I2M UMR 7373 Aix-Marseille Université, CNRS, Centrale Marseille, Marseille, France.
SMARTc Pharmacokinetics Unit, Inserm S_911 CRO2, Aix Marseille University, Marseille, France.
Cancer Res. 2014 Nov 15;74(22):6397-407. doi: 10.1158/0008-5472.CAN-14-0721. Epub 2014 Sep 12.
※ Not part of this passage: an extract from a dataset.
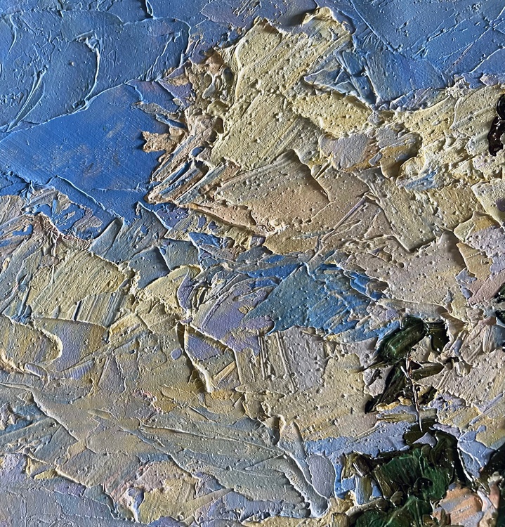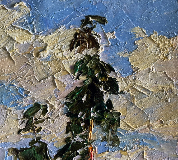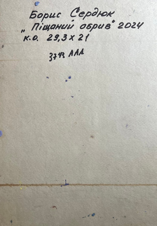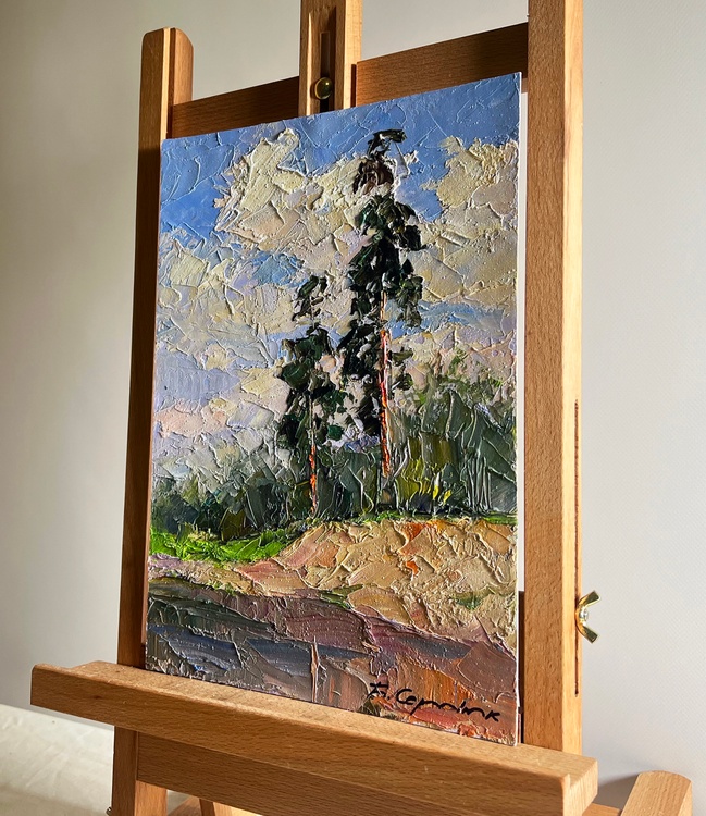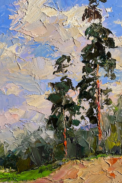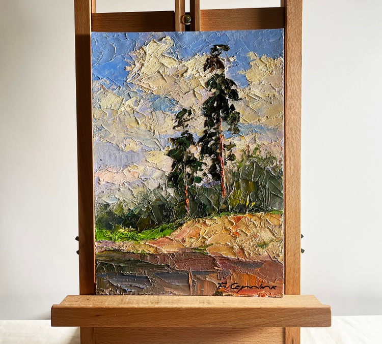 The oil painting on cardboard, titled "Sand Cliff by the River", captures the quiet grandeur of a natural landscape where towering pine trees stand tall against a vast, cloud-filled sky. The artist uses thick, expressive brushstrokes and a rich impasto technique to bring texture and depth to the scene, making every element—earth, water, and sky—feel alive and dynamic.In the foreground, the sandy cliff is depicted in warm earthy tones of ochre, beige, and soft browns, with hints of green vegetation growing along its edges. The brushwork here is bold and textured, emphasizing the rough, uneven surface of the eroded land. The river below, though only partially visible, reflects the surroundings with smooth, dark strokes, contrasting with the textured cliffside.Two tall pine trees rise above the landscape, their slender trunks painted in warm reddish-brown tones that stand out against the cooler greens and blues of the background. The artist captures the light hitting the bark, giving the trees a sense of warmth and life. Their branches, painted with deep green and black tones, sway gently, suggesting movement and the presence of a light breeze.The background consists of a dense forest painted in subdued greens and grays, fading into the distance, creating a sense of depth. Above, the sky is a blend of soft blues, whites, and warm golden hues, with large, billowing clouds stretching across the canvas. The artist's dynamic brushstrokes give the impression of shifting light and an ever-changing atmosphere.Through "Sand Cliff by the River", the artist conveys a sense of stillness and timelessness, celebrating the quiet beauty of untouched nature. The towering pines symbolize strength and resilience, standing firm on the edge of the eroded cliff, much like nature’s ability to adapt and endure. The warm sunlight filtering through the clouds and trees suggests a moment of reflection, inviting the viewer to pause and appreciate the simplicity and grandeur of the natural world. The painting is not just a depiction of a landscape but an invitation to experience the tranquility and power of nature 3743

Defining tumor stage at diagnosis is a pivotal point for clinical decisions about patient treatment strategies. In this respect, early detection of occult metastasis invisible to current imaging methods would have a major impact on best care and long-term survival. Mathematical models that describe metastatic spreading might estimate the risk of metastasis when no clinical evidence is available. In this study, we adapted a top-down model to make such estimates. The model was constituted by a transport equation describing metastatic growth and endowed with a boundary condition for metastatic emission. Model predictions were compared with experimental results from orthotopic breast tumor xenograft experiments conducted in Nod/Scidγ mice. Primary tumor growth, metastatic spread and growth were monitored by 3D bioluminescence tomography. A tailored computational approach allowed the use of Monolix software for mixed-effects modeling with a partial differential equation model. Primary tumor growth was described best by Bertalanffy, West, and Gompertz models, which involve an initial exponential growth phase. All other tested models were rejected. The best metastatic model involved two parameters describing metastatic spreading and growth, respectively. Visual predictive check, analysis of residuals, and a bootstrap study validated the model. Coefficients of determination were [Formula: see text] for primary tumor growth and [Formula: see text] for metastatic growth. The data-based model development revealed several biologically significant findings. First, information on both growth and spreading can be obtained from measures of total metastatic burden. Second, the postulated link between primary tumor size and emission rate is validated. Finally, fast growing peritoneal metastases can only be described by such a complex partial differential equation model and not by ordinary differential equation models. This work advances efforts to predict metastatic spreading during the earliest stages of cancer.
在诊断时确定肿瘤分期是制定患者治疗策略的关键。在这方面,早期发现当前成像方法无法检测到的隐匿性转移将对最佳治疗和长期生存产生重大影响。描述转移扩散的数学模型可以在没有临床证据的情况下估计转移的风险。在这项研究中,我们改编了一个自上而下的模型来进行这种估计。该模型由一个描述转移生长的输运方程组成,并具有转移排放的边界条件。将模型预测与在 Nod/Scidγ 小鼠中进行的原位乳腺癌肿瘤异种移植实验的实验结果进行了比较。通过 3D 生物发光断层扫描监测原发肿瘤生长、转移扩散和生长。定制的计算方法允许使用 Monolix 软件对偏微分方程模型进行混合效应建模。Bertalanffy、West 和 Gompertz 模型最能描述原发肿瘤生长,涉及初始指数生长阶段。所有其他测试的模型都被拒绝。最佳的转移性模型涉及分别描述转移扩散和生长的两个参数。可视化预测检查、残差分析和引导研究验证了该模型。决定系数分别为[公式:见正文]用于描述原发肿瘤生长,[公式:见正文]用于描述转移生长。基于数据的模型开发揭示了一些具有生物学意义的发现。首先,可以从总转移负担的测量中获得关于生长和扩散的信息。其次,验证了原发肿瘤大小和发射率之间假定的联系。最后,快速生长的腹膜转移只能通过这种复杂的偏微分方程模型来描述,而不能通过常微分方程模型来描述。这项工作推进了在癌症的最早阶段预测转移扩散的努力。